● **What the task asks**: Return the records from the first line through the line containing "飯澤唯衣さんの総運は47画の5点!", and leave out the pictures.

Input material below:

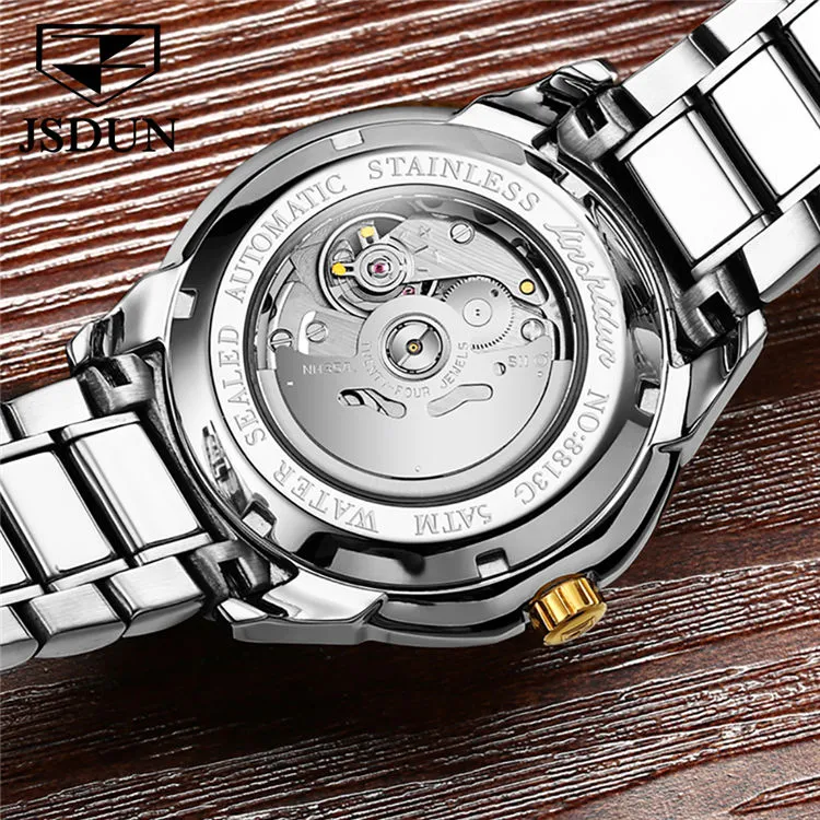 JSDUN 8823 Hot Sell Men Waterproof Original Movement Stainless Steel Dial Diameter 42mm Weight 170g Mechanical Wrist Watch.
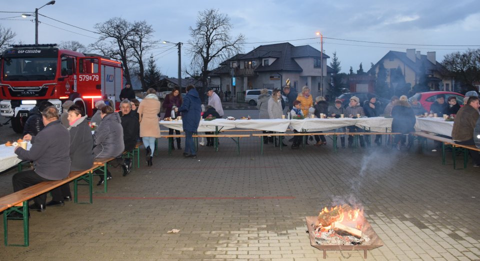 Po tych słowach, rozdane zostały opłatki, tak by wszyscy uczestnicy, mogli złożyć sobie życzenia. W pełnej przyjaźni atmosferze, mieszkańcy zasiedli do wspólnego stołu. Pani Sołtys Beata Borowiak wraz z Radą Sołecką, poczęstowała przybyłych mieszkańców własnoręcznie przygotowanym barszczem z uszkami oraz rybą. Następnie podziękowano Pani Sołtys za zaangażowanie w realizację różnych inicjatyw na rzecz mieszkańców Czeszowa.
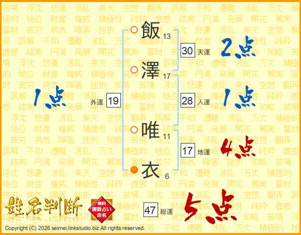飯澤唯衣さんの総運は47画の5点!
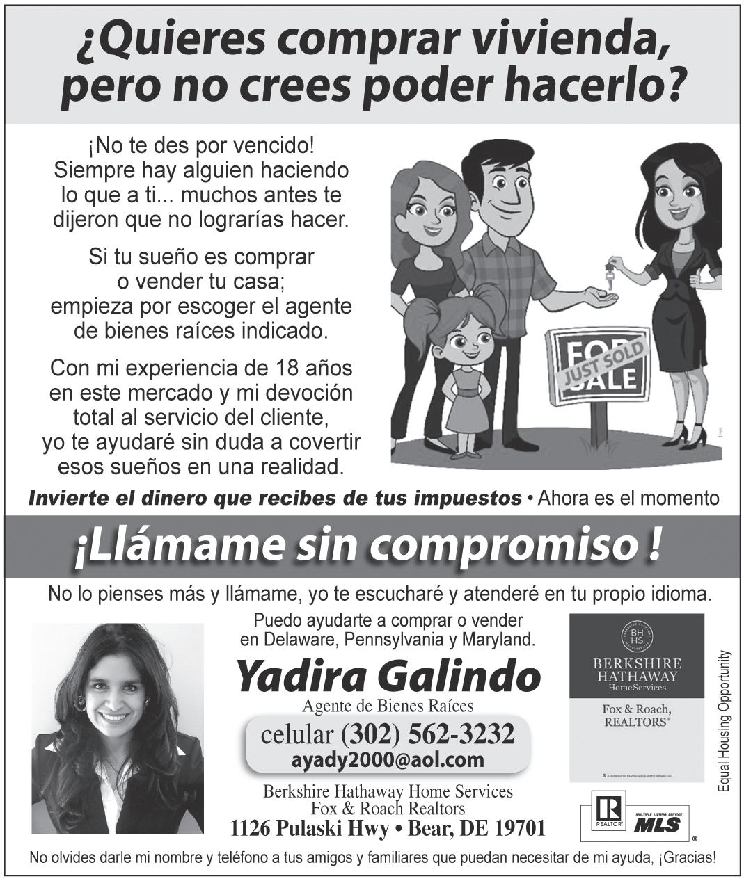 Puedo ayudarte a comprar o vender en Delaware, Pennsylvania, Maryland y New Jersey.
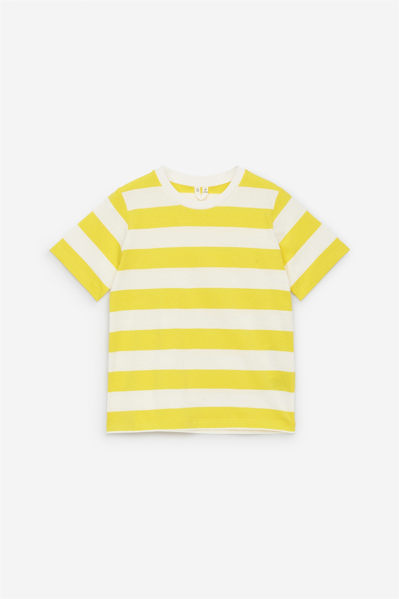 Футболка свободного покроя из гладкого хлопкового джерси. Она украшена рисунком в полоску, окрашенным пряжей, и ребристой отделкой вокруг горловины.
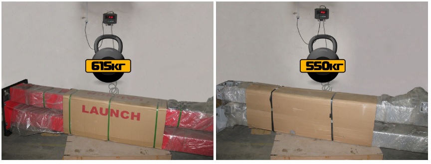 Такие характеристики как устойчивость и надежность автомобильного подъемника напрямую зависит от толщины металла используемого в стойках и надежности соединений. Одним из наиболее простых способов определения массивности конструкции, а так же кол-ва затраченого материала это взвешивание. Судя из фотографии исходя из приблизительно одинаковых габаритов конструкций, можно сказать что в подъемнике Launch использовано больше металла, и подъемник имеет более толстые стенки колонн, а соответственно более устойчивый к нагрузкам.
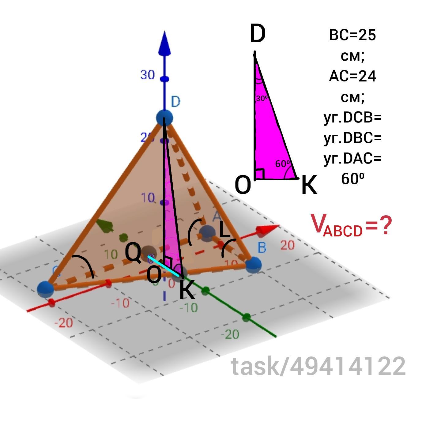 - найдем высоту пирамиды, выделив
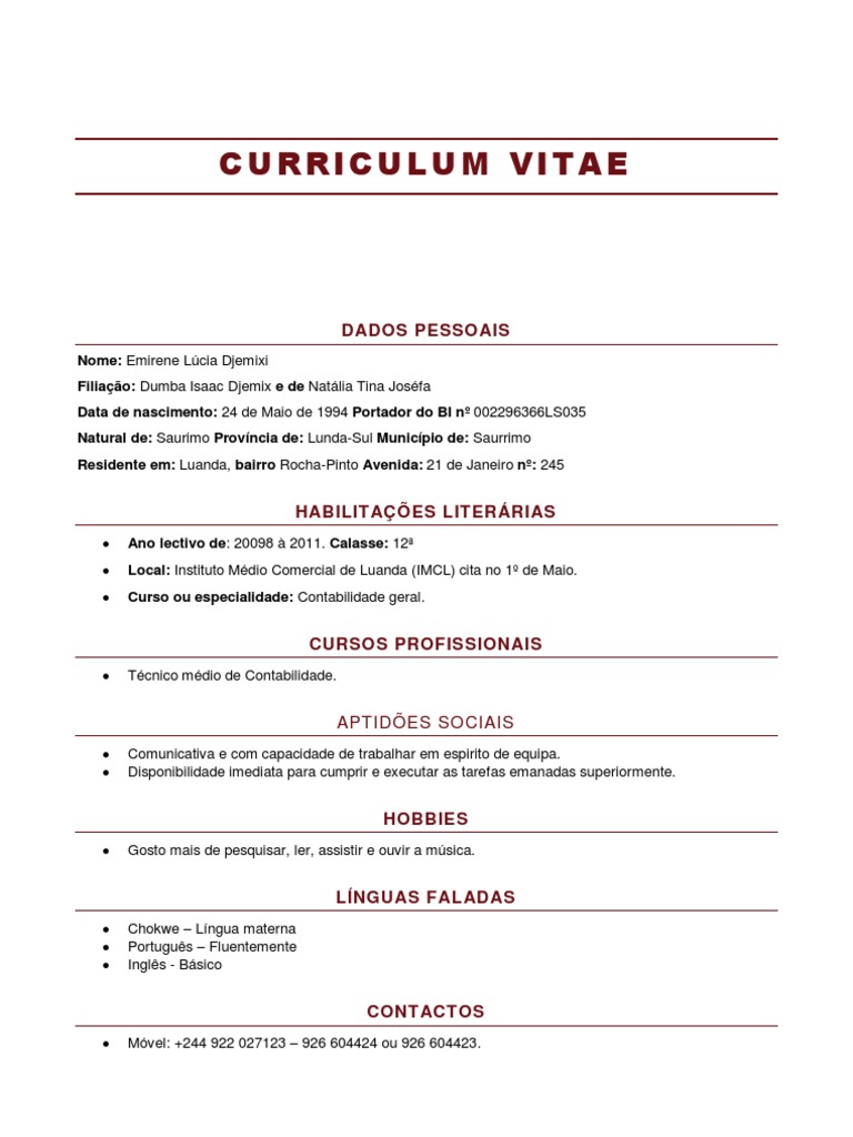 Curriculum vitae simples em português :: O europass disponibiliza informações fiáveis a quem pretende estudar e trabalhar em diferentes países europeus, fornecendo ligações a fontes europeias e nacionais. Há 14 departamentos com resultados relacionados com curriculum vitae.os resultados que aparecem. Prezado(a) sr(a), em busca de novos desafios em posições de direção, apresento meu currículo para a apreciação de v.sas. Este modelo de curriculum vitae gratis em português é ideal para todo tipo de perfil. Je veux recopier les méthodes en lisant ces livres pour trouver un emploi ici exemplos de curriculum vitae em portugues. Para as expressões idiomáticas, ditados populares, expressões em geral. In all such cases, one must be preparing a cv with all information and background in details. Cuidados a ter ao escrever o curriculum vitae em inglês: Licenciatura em alemâo e francês tema da tese: Download curriculum vitae em portugues. É importante que ponha esse floreado de parte, e seja o mais sincero possível. Será que um cv criativo te vai ajudar a ser selecionado?
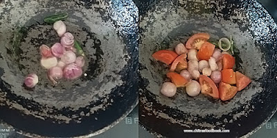 - Heat oil in a kadai. Saute cumin, onion, green chilli, garlic and tomato till mushy.
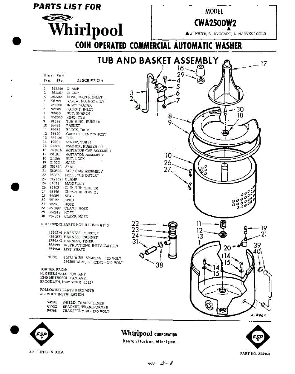 Parts for Whirlpool CWA2500W2: 01 - Tub And Basket , Lit / Optional Parts
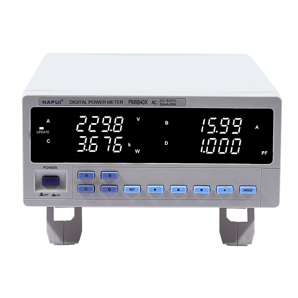Voltage V, Current A, Active Power W, Power Factor PF, Frequency Hz
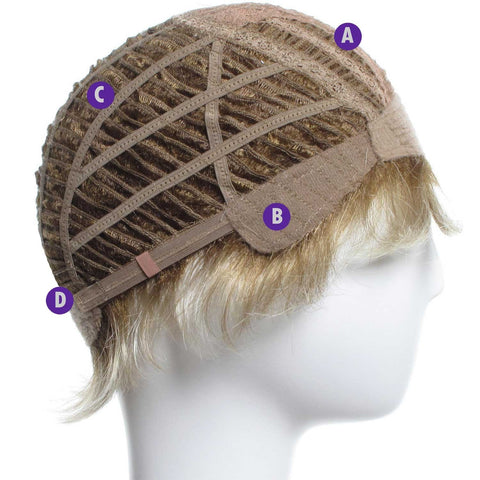D Nape:There is a beautifully constructed comfort strip at the nape. It is a closed section of soft material that fits softly around your neck. This wig is held in place by an adjustable band. There is one inch of elasticity so the wig can be tightened or loosened to fit the size of your head.

End of Input material.

● **Exercise result**:
 JSDUN 8823 Hot Sell Men Waterproof Original Movement Stainless Steel Dial Diameter 42mm Weight 170g Mechanical Wrist Watch.
 Po tych słowach, rozdane zostały opłatki, tak by wszyscy uczestnicy, mogli złożyć sobie życzenia. W pełnej przyjaźni atmosferze, mieszkańcy zasiedli do wspólnego stołu. Pani Sołtys Beata Borowiak wraz z Radą Sołecką, poczęstowała przybyłych mieszkańców własnoręcznie przygotowanym barszczem z uszkami oraz rybą. Następnie podziękowano Pani Sołtys za zaangażowanie w realizację różnych inicjatyw na rzecz mieszkańców Czeszowa.
飯澤唯衣さんの総運は47画の5点!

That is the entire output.